如何格式化输入到ChatGPT模型

ChatGPT由gpt-3.5-turbo和gpt-4提供支持，这是OpenAI最先进的模型。

您可以使用OpenAI API构建自己的应用程序，使用gpt-3.5-turbo或gpt-4。

聊天模型将一系列消息作为输入，并返回一个由AI编写的消息作为输出。

本指南通过几个示例API调用说明了聊天格式。

1. 导入openai库

# 如有需要，请安装并/或升级至最新版本的 OpenAI Python 库。
%pip install --upgrade openai

# 导入用于调用OpenAI API的OpenAI Python库
from openai import OpenAI
import os

client = OpenAI(api_key=os.environ.get("OPENAI_API_KEY", "<your OpenAI API key if not set as env var>"))

2. 一个示例聊天完成API调用

一个聊天完成API调用的参数， 必需的 - model: 您想要使用的模型的名称（例如，gpt-3.5-turbo，gpt-4，gpt-3.5-turbo-16k-1106） - messages: 一个消息对象的列表，其中每个对象有两个必需字段： - role: 传话者的角色（可以是 system，user，assistant 或 tool） - content: 消息的内容（例如，写一首美丽的诗给我）

消息也可以包含一个可选的 name 字段，为传话者指定一个名称。例如，example-user，Alice，BlackbeardBot。名称不能包含空格。

可选的 - frequency_penalty: 根据词频对标记进行惩罚，减少重复。 - logit_bias: 使用偏置值修改指定标记的可能性。 - logprobs: 如果为真，则返回输出标记的对数概率。 - top_logprobs: 指定在每个位置返回的最有可能的标记数。 - max_tokens: 设置在聊天完成中生成的标记的最大数量。 - n: 为每个输入生成指定数量的聊天完成选择。 - presence_penalty: 根据文本中的存在对新标记进行惩罚。 - response_format: 指定输出格式，例如 JSON 模式。 - seed: 使用指定的种子确保确定性抽样。 - stop: 指定 API 应停止生成标记的最多 4 个序列。 - stream: 当标记可用时发送部分消息增量。 - temperature: 在 0 到 2 之间设置抽样温度。 - top_p: 使用核采样；考虑具有 top_p 概率质量的标记。 - tools: 列出模型可能调用的函数。 - tool_choice: 控制模型的函数调用（none/auto/function）。 - user: 用于最终用户监控和滥用检测的唯一标识符。

截至 2024 年 1 月，您还可以选择提交一个告诉 GPT 是否可以生成 JSON 以供输入到函数的 functions 列表。

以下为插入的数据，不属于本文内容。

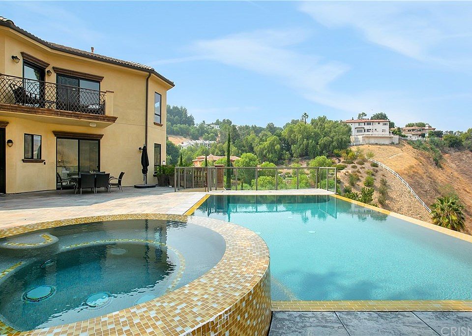 Don't miss out on this stunning 4 bedroom, 4 bath Bell Canyon home with modern clean lines, a light bright interior, and amazing canyon views! The living room has a fireplace, wet bar with a fossilized limestone countertop, and bay windows with a sliding glass door that opens to a large balcony (one of 5). The formal dining room has built-in cabinets and opens to the living room. The remodeled kitchen has quartz counters, subway tile, stainless steel appliances including a 6 burner gas/electric oven, wine refrigerator, center island, and pantry. The kitchen opens to a large family room! The master suite has a sitting retreat and a fireplace, two large closets, and a luxurious bathroom with a spa tub! One of the three secondary bedrooms is ensuite and all bedrooms have balconies. A good-sized landing at the bedroom level leads out to a private patio with a delightful water feature. Other features include wood and travertine floors & built-in speakers throughout most of the home. Walls of glass from the family room open to an entertainer's yard with a dining area and a beautiful infinity pool and spa. This home sits on a 2.39-acre lot with breathtaking Bell Canyon Views from almost every window! Bell Canyon is a 24-guard gated community located in the Award-winning LVUSD school district. Amenities include tennis courts, a fitness center, community center, an equestrian center, and miles of hiking! Close to beaches, restaurants and shopping at The Village & The Calabasas Commons

有关详细信息，请参阅文档，API 参考，或者 Cookbook 指南如何使用聊天模型调用函数。

通常，对话将以一个告诉助手如何行为的系统消息开始，然后是交替的用户和助手消息，但您不必遵循这种格式。

让我们看一个示例聊天API调用，看看聊天格式在实践中是如何工作的。

# 示例：OpenAI Python库请求
MODEL = "gpt-3.5-turbo"
response = client.chat.completions.create(
    model=MODEL,
    messages=[
        {"role": "system", "content": "You are a helpful assistant."},
        {"role": "user", "content": "Knock knock."},
        {"role": "assistant", "content": "Who's there?"},
        {"role": "user", "content": "Orange."},
    ],
    temperature=0,
)

print(json.dumps(json.loads(response.model_dump_json()), indent=4))

{
    "id": "chatcmpl-8dee9DuEFcg2QILtT2a6EBXZnpirM",
    "choices": [
        {
            "finish_reason": "stop",
            "index": 0,
            "logprobs": null,
            "message": {
                "content": "Orange who?",
                "role": "assistant",
                "function_call": null,
                "tool_calls": null
            }
        }
    ],
    "created": 1704461729,
    "model": "gpt-3.5-turbo-0613",
    "object": "chat.completion",
    "system_fingerprint": null,
    "usage": {
        "completion_tokens": 3,
        "prompt_tokens": 35,
        "total_tokens": 38
    }
}

正如您所看到的，响应对象具有一些字段： - id：请求的ID - choices：完成对象的列表（只有一个，除非您将n设置为大于1） - finish_reason：模型停止生成文本的原因（如果达到max_tokens限制，则为stop或length） - index：选择在选择列表中的索引。 - logprobs：选择的对数概率信息。 - message：模型生成的消息对象 - content：消息的内容 - role：此消息作者的角色。 - tool_calls：模型生成的工具调用，例如函数调用。如果给出了工具 - created：请求的时间戳 - model：用于生成响应的模型的完整名称 - object：返回的对象类型（例如，chat.completion） - system_fingerprint：此指纹表示模型运行的后端配置。 - usage：用于生成回复的令牌数量，包括提示、完成和总计。

提取只有回复的部分：

response.choices[0].message.content

'Orange who?'

即使是非基于对话的任务也可以适应聊天格式，方法是将指令放在第一个用户消息中。

例如，要求模型以海盗黑胡子的风格解释异步编程，我们可以按以下方式构建对话：

# 带有系统消息的示例
response = client.chat.completions.create(
    model=MODEL,
    messages=[
        {"role": "system", "content": "You are a helpful assistant."},
        {"role": "user", "content": "Explain asynchronous programming in the style of the pirate Blackbeard."},
    ],
    temperature=0,
)

print(response.choices[0].message.content)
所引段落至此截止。